Failure modes: Masking — if training data contains many anomalies, the model learns them as "normal." Concept drift — as normal behavior evolves, fixed thresholds produce more false positives. Feature selection — anomalies may be visible only in specific feature subsets. Threshold sensitivity — too low = alert fatigue; too high = missed detections. Distribution shift between training and production environments.

Evaluating

When ground truth labels exist: AUC-ROC (measures ranking quality across all thresholds), AUC-PR (precision-recall; better for imbalanced data), and F1 at operating threshold. When labels don't exist (most unsupervised settings): evaluate by analyst validation rate (fraction of flagged alerts confirmed as true anomalies by human review), time-to-detect (how quickly after onset is an anomaly flagged), and false positive rate at desired threshold.

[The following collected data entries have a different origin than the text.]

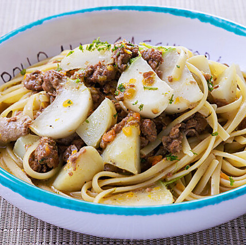 【濃厚な香り】鴨もも肉の白いボロネーゼ、タリアテッレ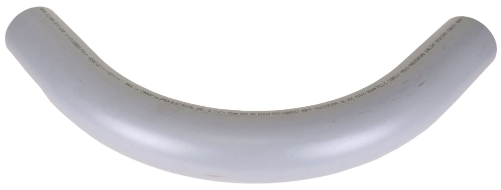 The IPEX 068588 is a 3-1/2 inch schedule 40 PVC standard radius elbow. It features a 90-degree bend and is suitable for various applications, including utility, cable, and residential installations. This product is made from rigid PVC, which prevents corrosion and ensures durability in different conditions.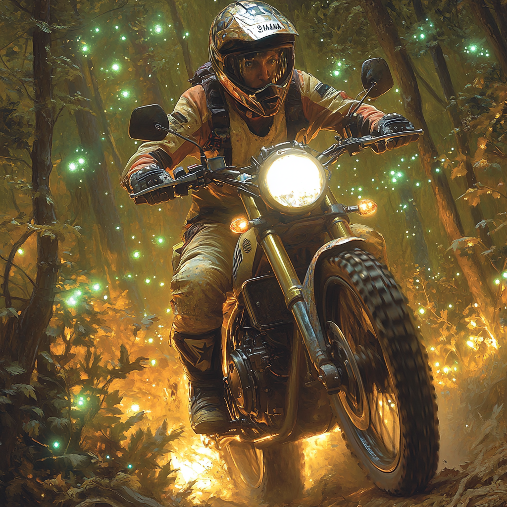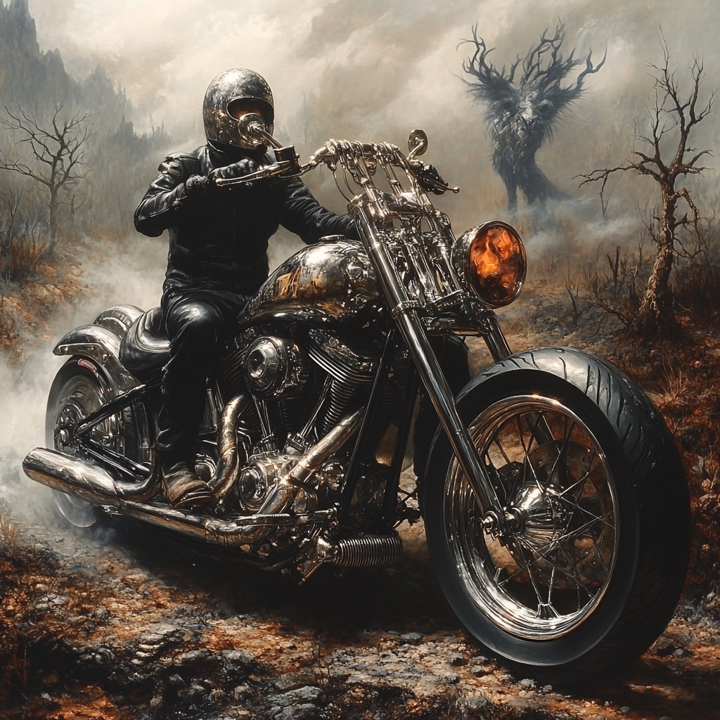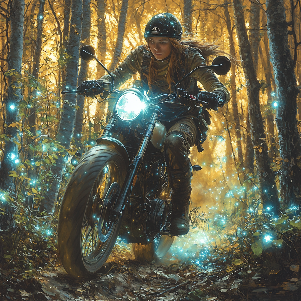 Короче, сюжет у меня постоянно меняется, то в одну, то в другую сторону и я сам не знаю, куда он вывернет, но приключений у ГГ будет много, даже чересчур. А вот, что мне нейросеть по обложкам делает, причём пишешь мужчина мотоциклист, а она тебе иногда женское лицо подсовывает.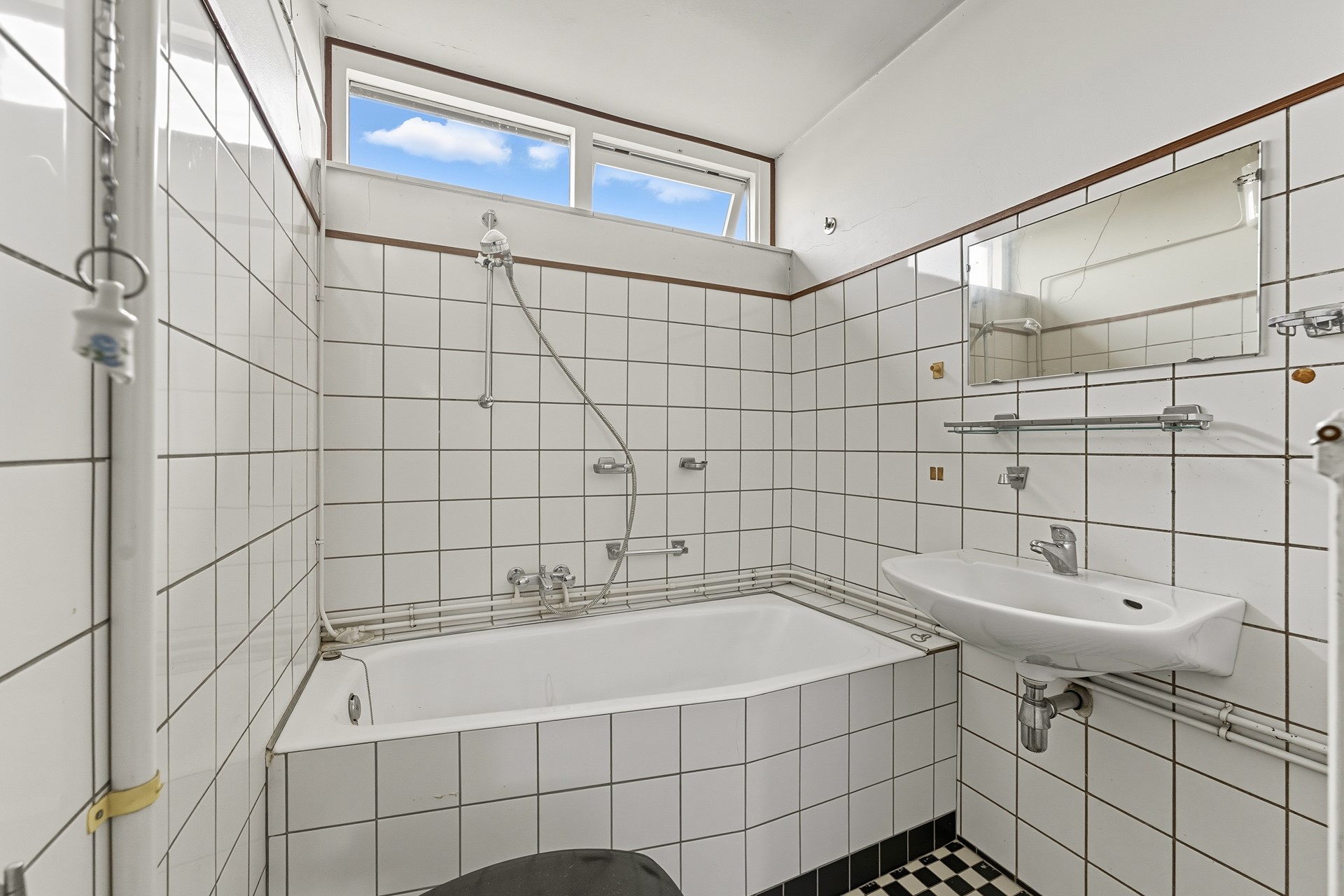 Badkamer: De badkamer is gedateerd en zal waarschijnlijk geheel worden vernieuwd. Op dit moment is de ruimte voorzien van een wastafel, ligbad en toilet. Er zijn volop mogelijkheden om de badkamer naar eigen smaak en wens in te richten. Wil je opnieuw een ligbad of liever een moderne inloopdouche? Ook is er voldoende ruimte om een toilet opnieuw te plaatsen.

Expert practitioners set thresholds on a labeled validation set, not by eyeballing scores.

Creating

Designing a production anomaly detection pipeline:

  1. Data collection: identify all relevant signals for the domain (sensor readings, transaction features, log events).
  2. Baseline modeling: fit Isolation Forest on 30 days of normal data.
  3. Threshold setting: use 99th percentile of normal data scores as initial threshold.
  4. Monitoring: track alert rate daily; alert if rate changes >3× (suggests concept drift or system issue).
  5. Continuous learning: retrain model monthly on sliding window of data.
  6. Human-in-the-loop: all alerts reviewed by analyst; verdicts feed back into labeled dataset for supervised upgrade.
  7. Alert deduplication: suppress repeated alerts for the same entity within a time window to reduce fatigue.